Теперь послушай: за что так оторвали хвост моей песне в последнем № О<течественных> З<аписок>? И если это сделала цензура, — то зачем же после печатать? Зачем, наконец, такая гадкая неисправность корректуры — напр., вместо Топот в поле раздается, поставили: Шопот. — Я прошу тебя сказать Краевскому, что если хочет он, чтобы я поместил еще хоть что-нибудь в его журнале, так вот ему непременное условие: ни одной пьесы моей не печатать (если цензура хоть одно слово не пропустит), не снесшись со мною; смотреть как следует порядочному человеку за корректурой журнала, который взялся издавать.
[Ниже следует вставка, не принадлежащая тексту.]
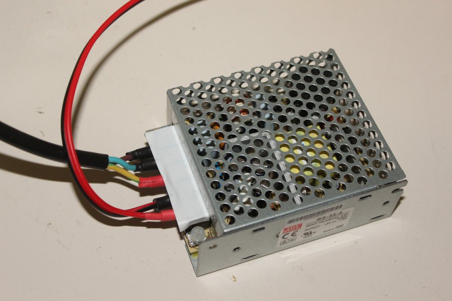 Die 112 LED ziehen bei voller Leuchtstärke gerade bei nur 5V eine menge Strom. Um auf der sicheren Seite zu sein hab ich ein 7A 5V Netzteil verwendet, das
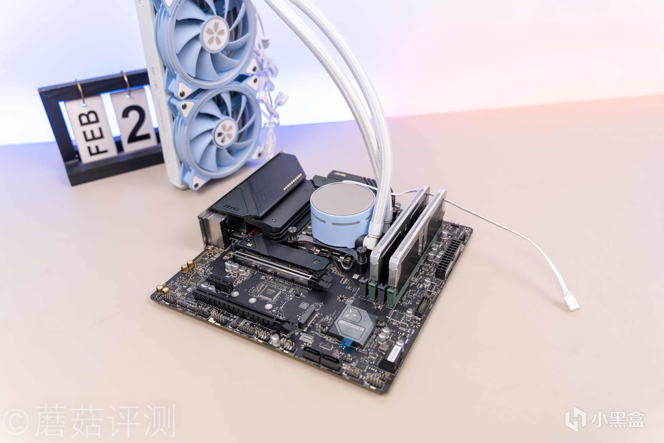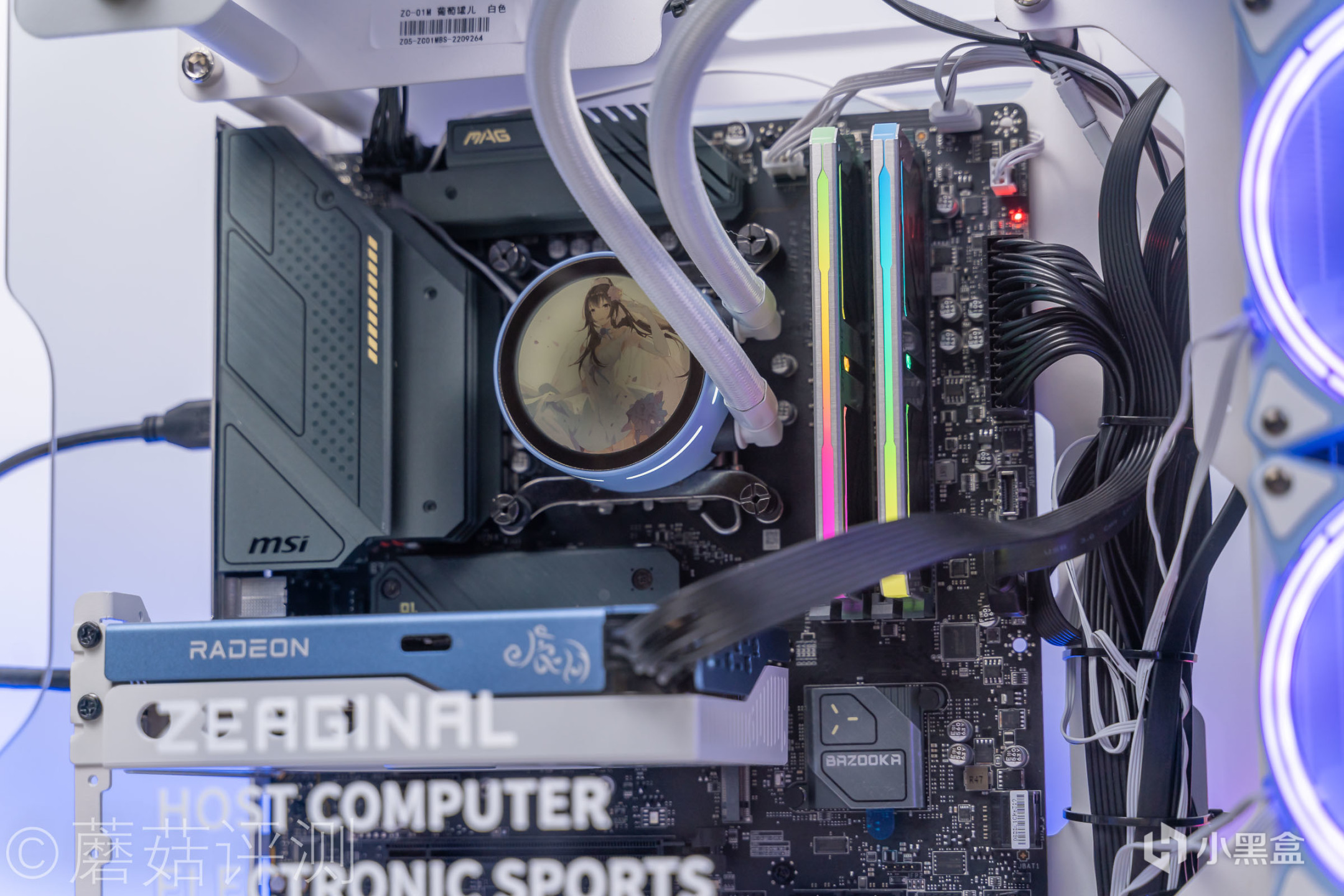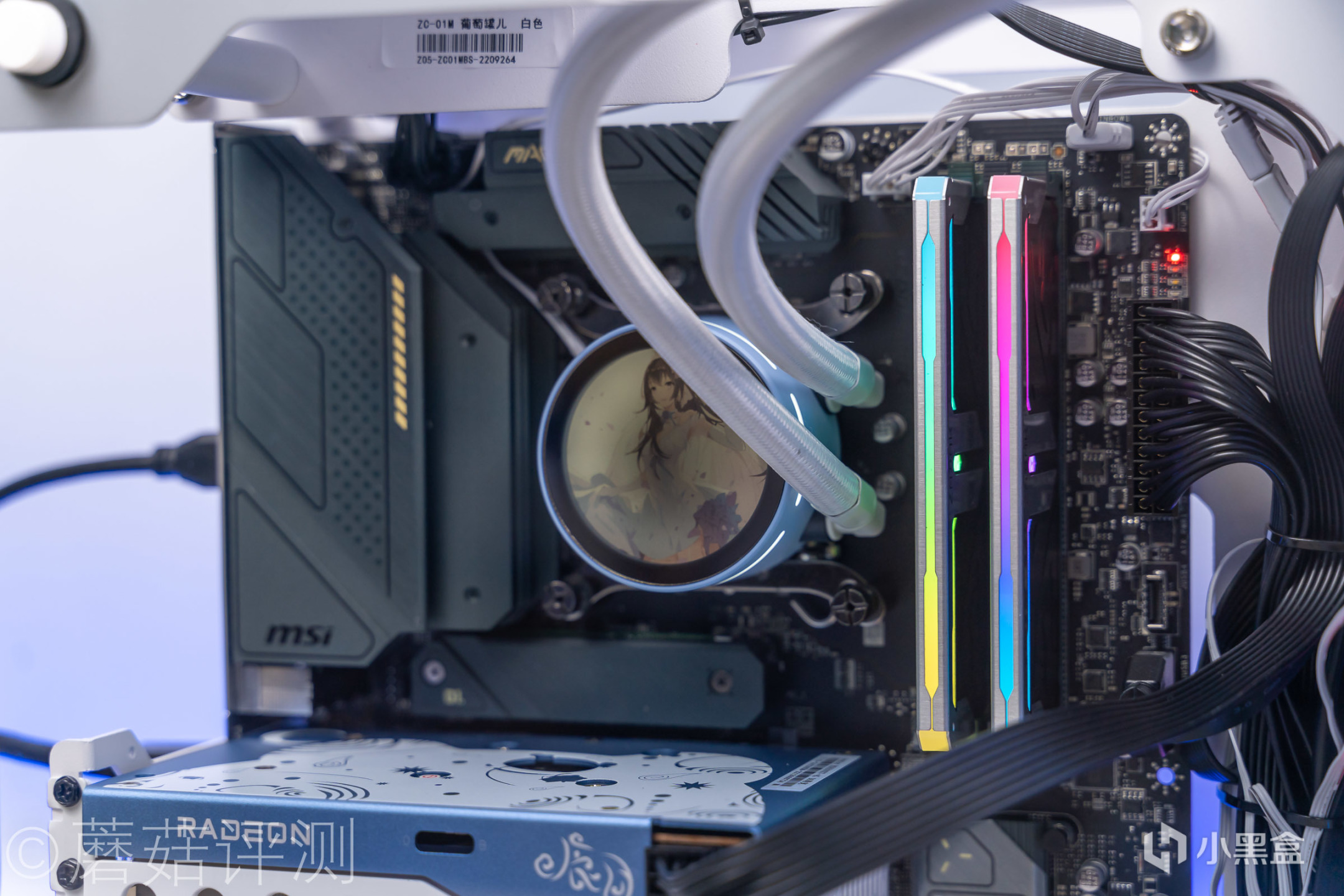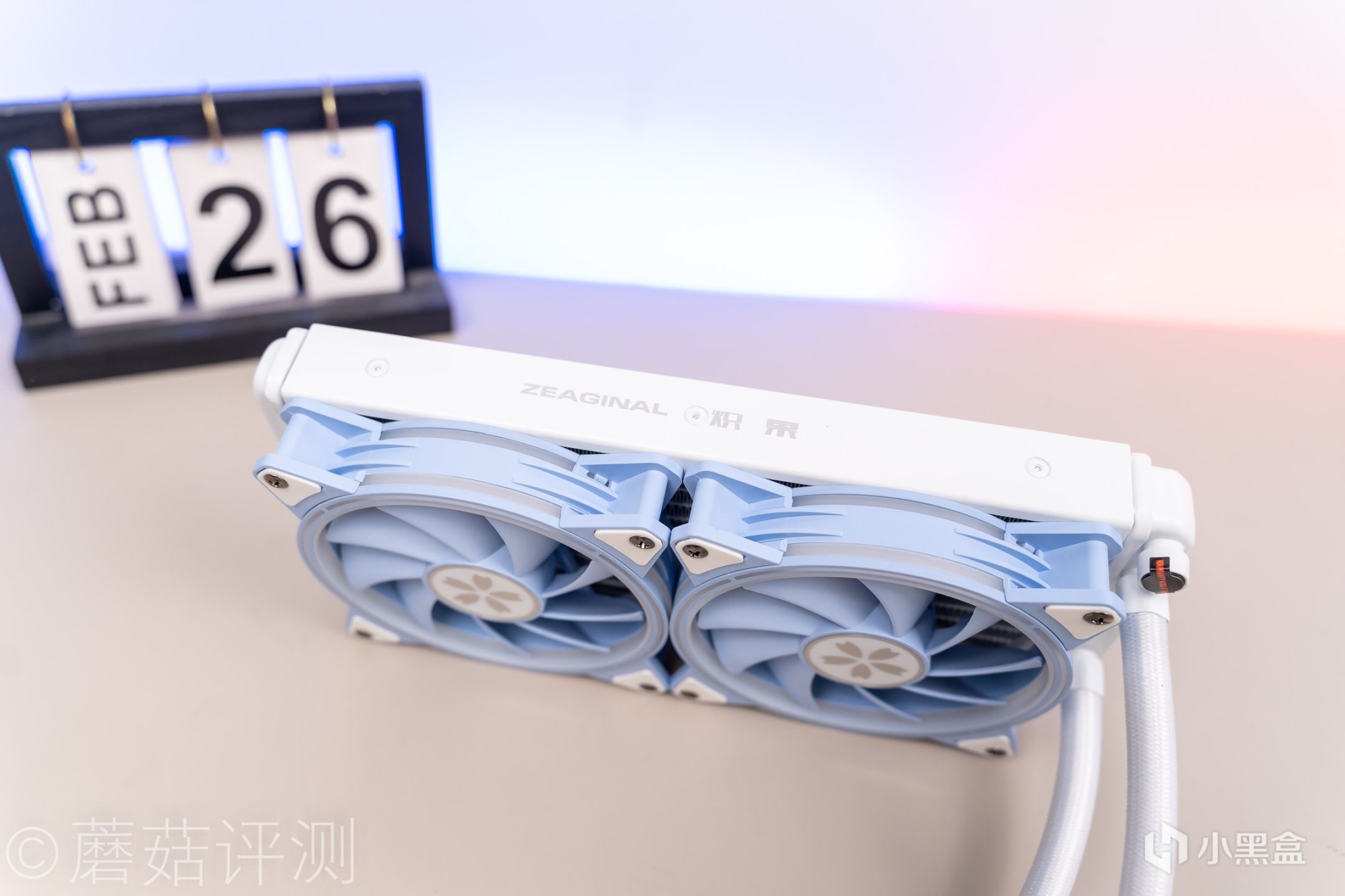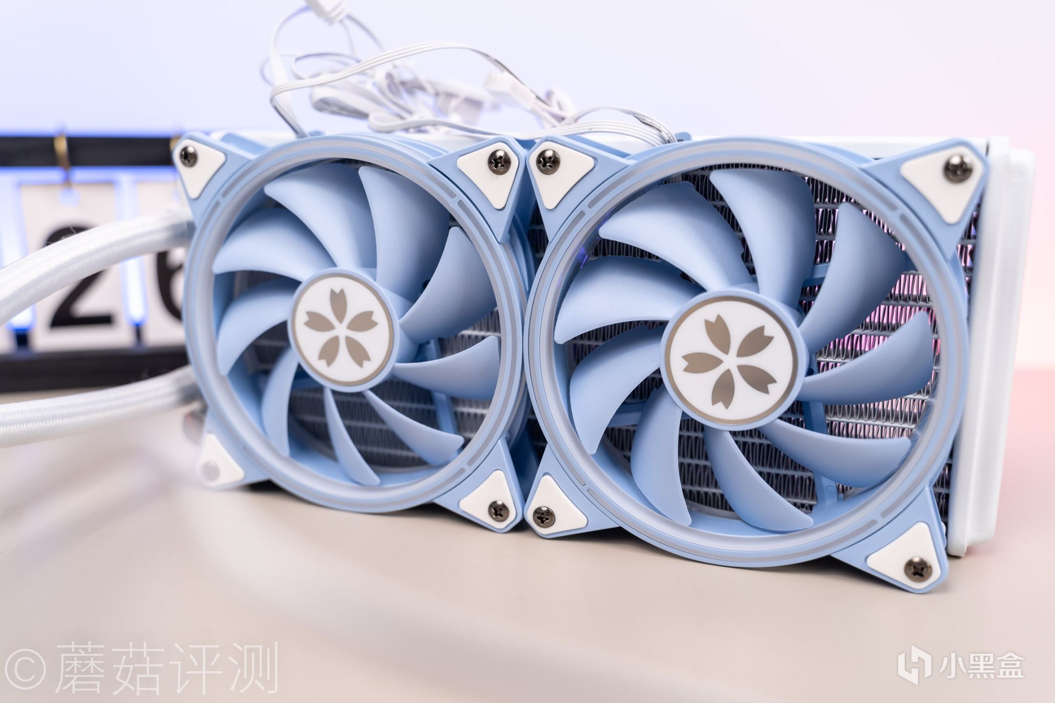 ▼散热选择了炽果的樱瞳花嫁240一体式水冷,这款水冷的颜值非常漂亮,整体采用白蓝色的配色,冷头的顶部也有特殊的外观设计。

Послушай, Белинский, — для меня все равно — если до моей смерти я не напечатал бы ничего более, я не вздохну, не охну — весь вздор, который я марал, я марал его для себя, на потеху души, но во мне всегда останется столько эгоизму — что если уж печатать, — так печатать прилично, — как если уж ехать в общество, так не с расстегнутым бантом и с небритым подбородком.
Кланяйся Каткову, Языкову. Если вздумаешь черкнуть ко мне, — адресуй на имя Боткина, с передачей мне.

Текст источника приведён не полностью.